Red Hat's Cedric Clyburn on Structuring Unstructured Data for AI

Red Hat's Cedric Clyburn discusses the challenges of unstructured data for AI and introduces Docling, an open-source solution for advanced document parsing.

Jun 28 at 5:02 PM7 min read

Presentation slide with the title 'Structuring the Unstructured: Advanced Document Parsing for AI Workflows' and speaker information. — AI Engineer

In the rapidly evolving AI landscape, the ability to effectively process and structure unstructured data is paramount.

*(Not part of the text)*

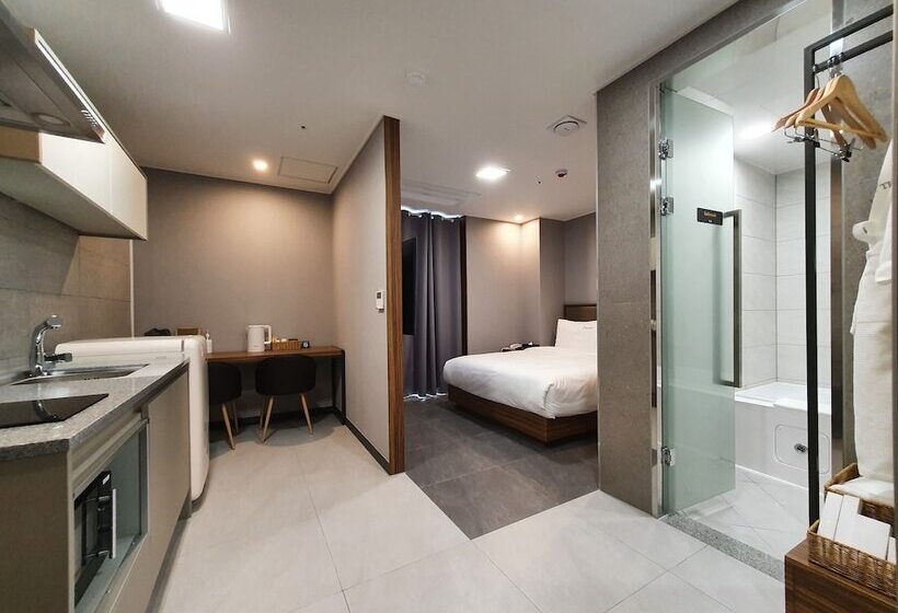 The Muse Hotel & Residence is located at 4 Haesong 3 Ro, Ilgwang Myeon, Gijang Gun, in Busan, South Korea. This accommodation offers a comfortable stay in a scenic area, ideal for travelers seeking relaxation and exploration. Busan, known for its beautiful beaches, vibrant culture, and delicious seafood, provides a perfect backdrop for your visit. Enjoy the local attractions and the stunning coastal views while staying at The Muse Hotel & Residence.

Cedric Clyburn, a Senior Developer Advocate at Red Hat, recently shared insights into this challenge and introduced a promising open-source solution called Docling. In his presentation, "Structuring the Unstructured: Advanced Document Parsing for AI Workflows," Clyburn highlighted the pervasive nature of unstructured data and the limitations of current tools, advocating for a more robust and efficient approach.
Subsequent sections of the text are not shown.